I think the Onkyo is a much better value. As far as sound quality, that is all subjective anymore. I had a Pioneer Elite SC-05 that I thought was the best I had ever heard, I went with an Onkyo 3007 and have to say that as far as sound quality goes, they are pretty much equal.


----------



## Jungle Jack (Jul 28, 2009)

Snead said:


> So Onkyo is better? I thought that denon had better sound quality.


Hello,
5 years ago, I probably would have agreed with you. However, since Denon was sold and merged with Marantz, McIntosh, Snell, and others, the Build Quality has gone the wrong direction.

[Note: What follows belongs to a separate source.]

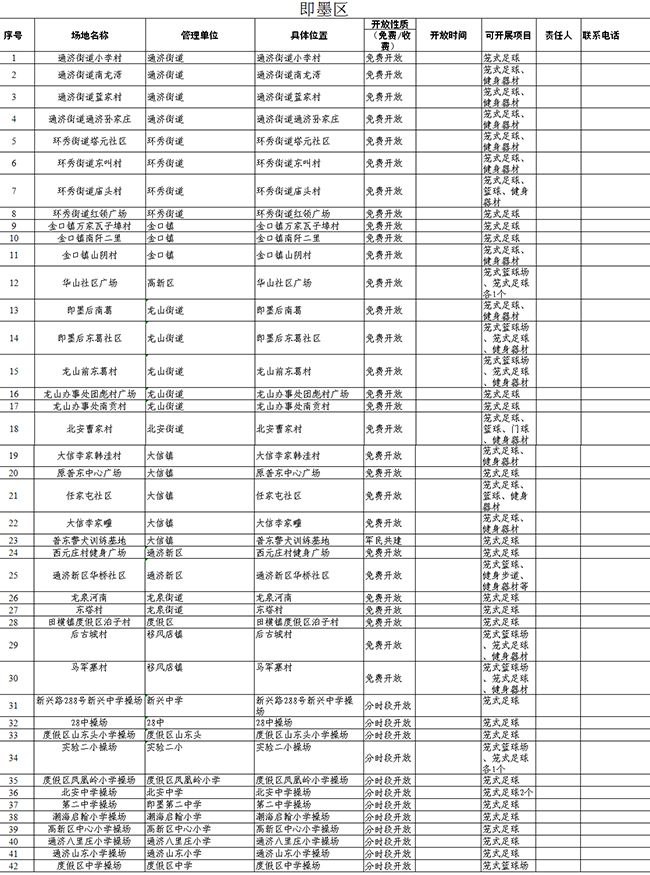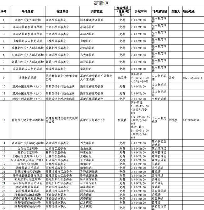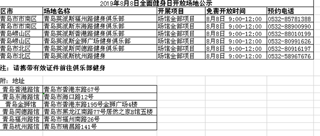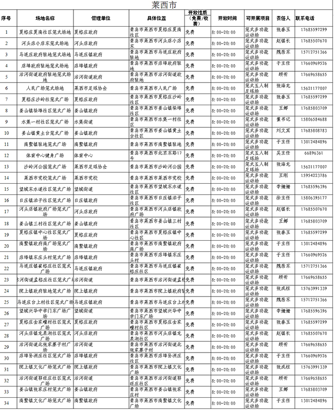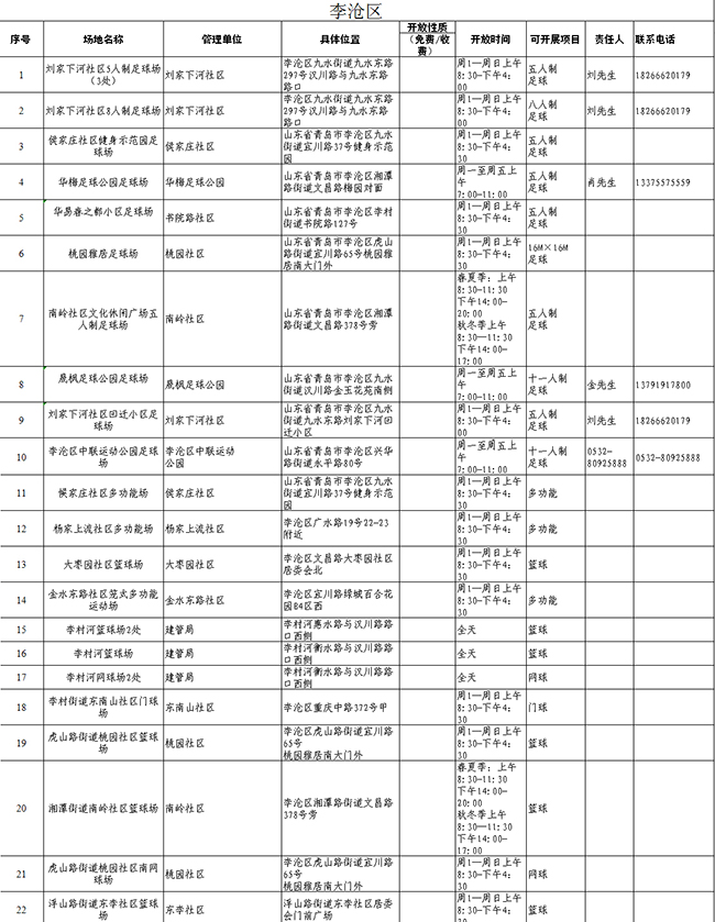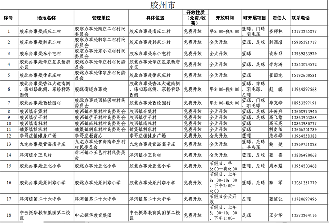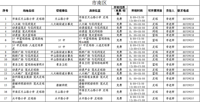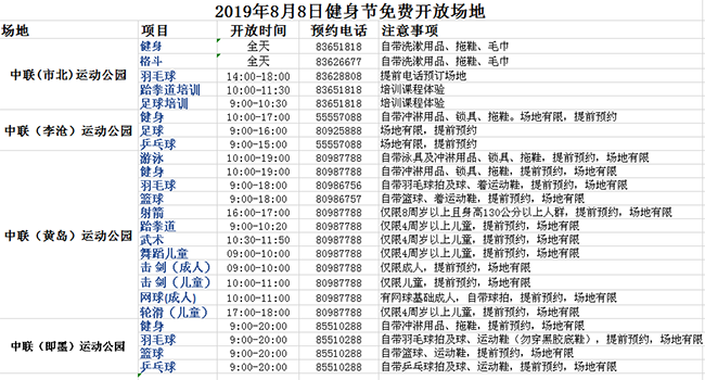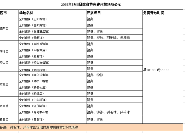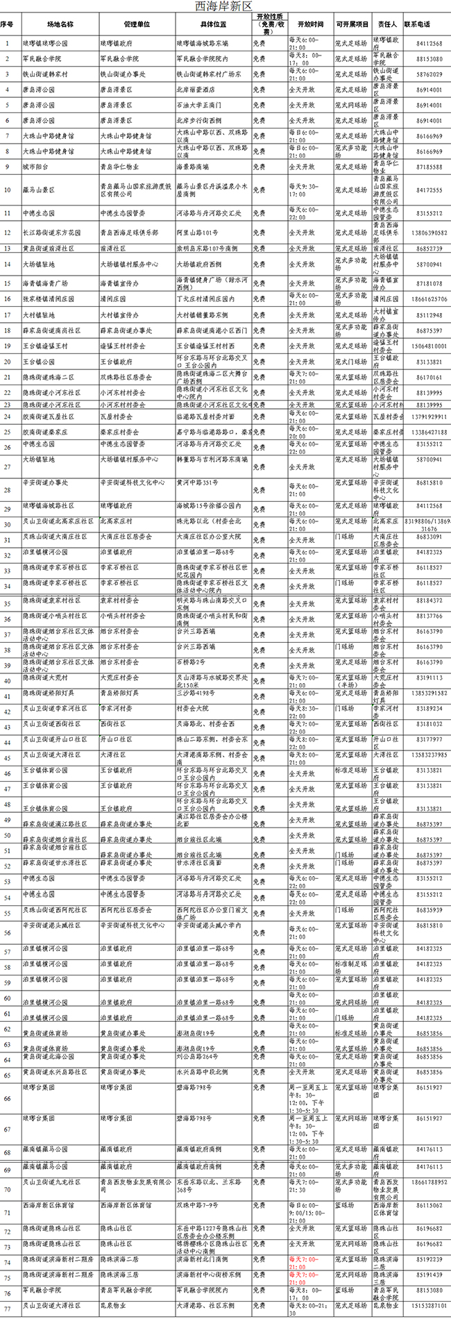 除了“全民健身日”的相关活动,平时,青岛市也免费开放了近500处公益性健身场地,供市民参与健身运动。小编将公益性做成表格,欢迎大家按图索骥,开展体育运动!

Denon used to make AVR's with heavy duty Amplifier Sections. However, lately their AVR's have been on a major diet. The 2000 Dollar AVR-4310 weighs about the same as the AVR-3808CI while offering 2 additional channels of amplification. Same thing with the 1200 Dollar AVR-3805.
Cheers,
JJ


----------



## golfnut (Jan 23, 2009)

If you google the Denon 2311 6th avenue shows a coupon code for $577 that doesn't appear to work anymore during check out. But if you call them direct, you may be able to still get the deal. The best way to get a deal from 6th avenue is to call them direct. I bought a 2309 from them a couple of years ago and was happy with it. Besides, Onk's usually run hot and I don't like that.


----------



## bambino (Feb 21, 2010)

Sound quality is all in the ears of the beholder. Price, features and build quality are not.


----------



## golfnut (Jan 23, 2009)

bambino said:


> Sound quality is all in the ears of the beholder. Price, features and build quality are not.


And your point is?


----------



## bambino (Feb 21, 2010)

Read the above posts and you will understand my point.:T


----------



## Snead (Mar 2, 2009)

I will see what the Onkyo does for me it's on it's way I I don't like it I'll go with the Denon. Oh does the thx certification matter?


----------



## bambino (Feb 21, 2010)

I think you made a good choice.:T As far as the THX certified, it means nothing to me but Jungle Jack would have a much better answer then mine and be able to explain it more in depth.
Good luck with the AVR, enjoy.:sn:


----------